Projekt: 120.000 m² große kommunale Mülldeponiezelle in Südostasien.
Konstruktionsanforderung: Doppelauskleidungssystem.
Konfiguration: 2,0 mm HDPE-Primärauskleidung + 1,5 mm Sekundärauskleidung + 800 g/m² Geotextilvlies.
Installationszeitraum: 4 Monate.
Ergebnis: Vakuum- und Luftdrucknahtprüfung bestanden, keine Leckage.

FAQ

  1. Ist eine Stärke von 1,0 mm für Deponiebasisabdichtungen geeignet?
    Generell nicht für die primäre Eindämmung empfohlen.

  2. Warum wird üblicherweise 2,0 mm angegeben?
    Verbesserte Beständigkeit gegen Durchstoßen und Spannungsrisse.
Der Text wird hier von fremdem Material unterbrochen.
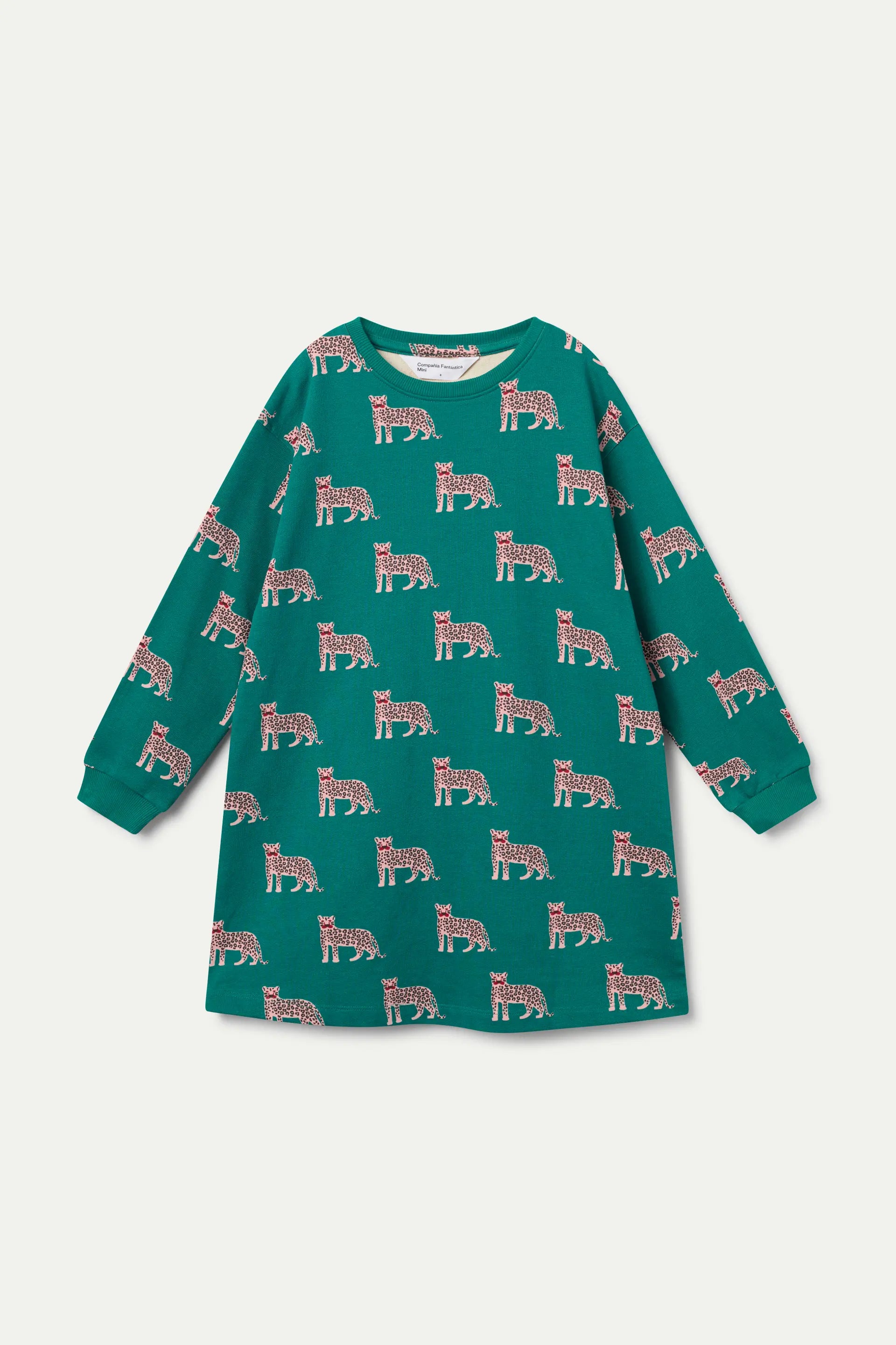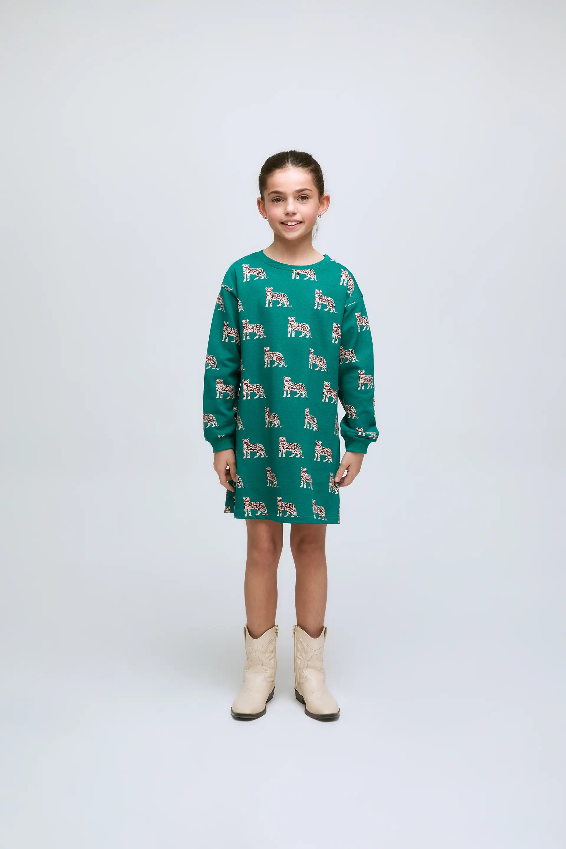 Short, long-sleeved dress made from 100% cotton. Featuring an Onca jaguar print, it features a round neckline and sweatshirt-style cuffs.

  3. Bedeutet dicker immer besser?
    Nicht immer; Neigung und Schweißbarkeit müssen aufeinander abgestimmt sein.

  4. Welcher Standard gilt?
    GRI GM13 wird häufig als Referenz verwendet.

  5. Benötigt gefährlicher Abfall dickere Auskleidungen?
    Oft ja, 2,0–2,5 mm.

  6. Wie lange ist die Nutzungsdauer?
    Bei fachgerechter Installation typischerweise 30–50 Jahre.
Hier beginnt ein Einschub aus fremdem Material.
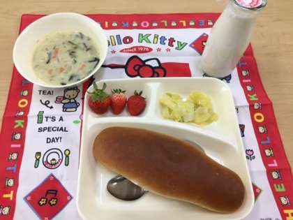 今日の給食献立は、ほうれん草のクリームシチュー、キャベツのサラダ、いちご、こくとうパン、牛乳でした。

  7. Ist strukturiertes HDPE erforderlich?
    An Hängen zur Erhöhung der Reibung.

  8. Wie werden Nähte geprüft?
    Prüfung von Luftdruckkanälen oder Vakuumboxen.

  9. Kann recyceltes Harz verwendet werden?
    Nicht für kritische Deponieabdichtungen geeignet.

  10. Was steuert die oxidative Resistenz?
    Antioxidative Zusammensetzung und OIT-Werte.

Technischen Support oder ein Angebot anfordern

Für projektspezifische Anleitungen zuWelche Dicke sollte eine HDPE-Geomembran für die Deponieabdichtung haben?Für Anfragen wenden Sie sich bitte an unser Ingenieurteam. Geben Sie die Deponieklassifizierung, die Abfallart, die Flächengröße und die behördlichen Anforderungen an, um detaillierte technische Datenblätter, Prüfberichte von Drittanbietern und Projektangebote zu erhalten.

Autoritative Expertise (E-E-A-T)

Dieser Artikel wurde von einem Team aus Materialingenieuren mit über 15 Jahren Erfahrung in der Herstellung von Geokunststoffen und Deponieabdichtungssystemen verfasst. Unsere technischen Berater haben Generalunternehmer, Umweltbehörden und kommunale Infrastrukturprojekte in verschiedenen Regionen unterstützt und die Einhaltung internationaler Leistungsstandards für Geokunststoffe sichergestellt.